You are right that your husband can control his addiction – if he couldn’t I would not be writing to you now, however, it is quite possible that he doesn’t believe he can change his life but spends his days trusting in an addiction that basically hates him.
I would never suggest to anyone that they leave or stay with a CG – but I do not believe that staying with him, on its own, is enablement. What do you mean when you say that you are trying to keep him afloat and his life in order?
I will leave this reply here Vicky as you have been left too long without one but please come back to me if there is anything you disagree with or want to know. It would be great to ‘meet’ you in the F&F group on Tuesdays between 20.00-21.00 hours UK time – nothing said in the group appears on the forum – you will be safe and understood.
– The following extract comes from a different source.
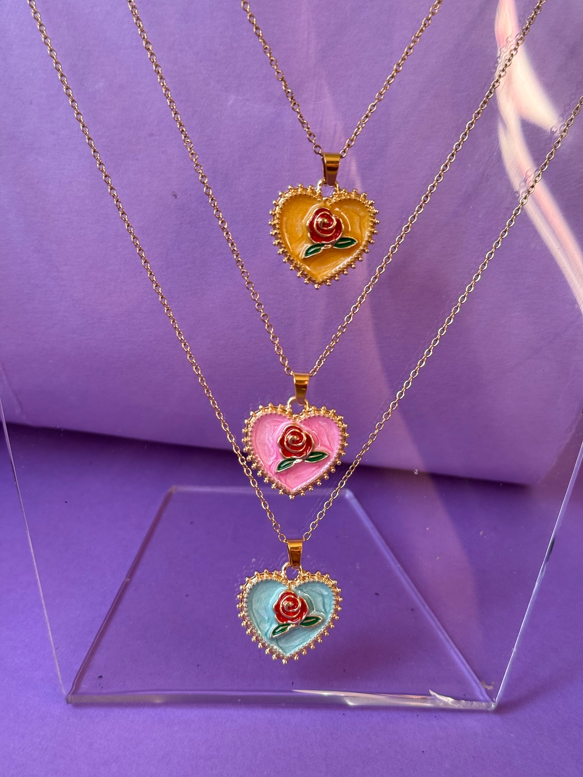 Questa collana è un inno alla femminilità e al romanticismo, perfetta per chi ama i dettagli che fanno la differenza. Il pendente a forma di cuore, con una rosa dipinta al suo interno, è rifinito in smalto lucido e bordato con piccole sfere in rilievo che aggiungono un tocco di eleganza e raffinatezza. La catenina sottile, in acciaio inossidabile, la rende delicata e versatile.

Velvet5 February 2017 at 2:55 am #5231White TaraParticipant
Hello Vicky, I think I can relate to some of what you are going through. I see your husband has only been gambling for 2 years that you know of.
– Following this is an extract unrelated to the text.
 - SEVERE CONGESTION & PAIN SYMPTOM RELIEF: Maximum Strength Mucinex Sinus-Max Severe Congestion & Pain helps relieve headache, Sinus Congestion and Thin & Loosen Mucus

I just left my husband and he’d been gambling for the whole of our relationship. He had his first gamble of the new year 6 days (new year new start) in and I was gone the next week. I was a broken woman on the verge of a breakdown. It was coercive and it was abusive and it was a dirty secret.The first time he stole some jewellery to pawn, I called Gamblers Anonymous and they told me to get him out as fast as I could. I never did and have paid for it ever since. I had some time away from home for some of last year and I felt like I was on a detox. When I got back I didn’t see him gamble (online gambling) for 6 weeks. After that it was back to the same old same old. But it felt like I’d had a relapse and that I was the one with the problem. I came to a realisation I wasn’t helping him and I had to protect myself. It’s a horrible feeling to know that you can no longer trust the person you love. It sounds like you are probably doing stuff for him that he is quite capable of doing himself, which takes time and energy away from looking after your own and your children’s needs. Unfortunately, while your husband may well feel guilty and shameful and says he knows what he’s doing to you and the family, the gambling monster will always put its needs first, it really does not care about you and while it controls your husband, he will never be able to love you the way you want. I sincerely apologise for being so blunt and direct. But I’ve been where you are and then some, but I don’t have children. Only you know what the right decision is to make and perhaps you need extra support to make an informed decision. You may have done this already but have you contacted Gamcare (you can be assessed for counselling by them) or the National Problem Gambling Centre? I hope you find the help and support you need. Do you really want to be doing this in 10 years time?5 February 2017 at 3:02 am #5232White TaraParticipant
Vicky you are not the jailer, gambling is the jailer. The gambling is making you have to change your behaviours to fit in around the gambling. If your husband is gambling online, can you use the room where he is gambling? Does he become aggressive when he’s chasing a losing bet? Has he always got a good hunch? Has he threatened and coerced you into giving him money? The days that his score line has come in and he hasn’t had any money on it, does he take it out on you or the kids? Has he destroyed property?Does he verbally/physically/emotionally abuse you as a result of the gambling. I can appreciate you have 14 years of your life invested with him but the last 2 sound like they’ve been hell and you got married during that time. I’m not being judgemental just wondering if there were any promises to give up gambling….I’ve become really cynical, so please forgive me.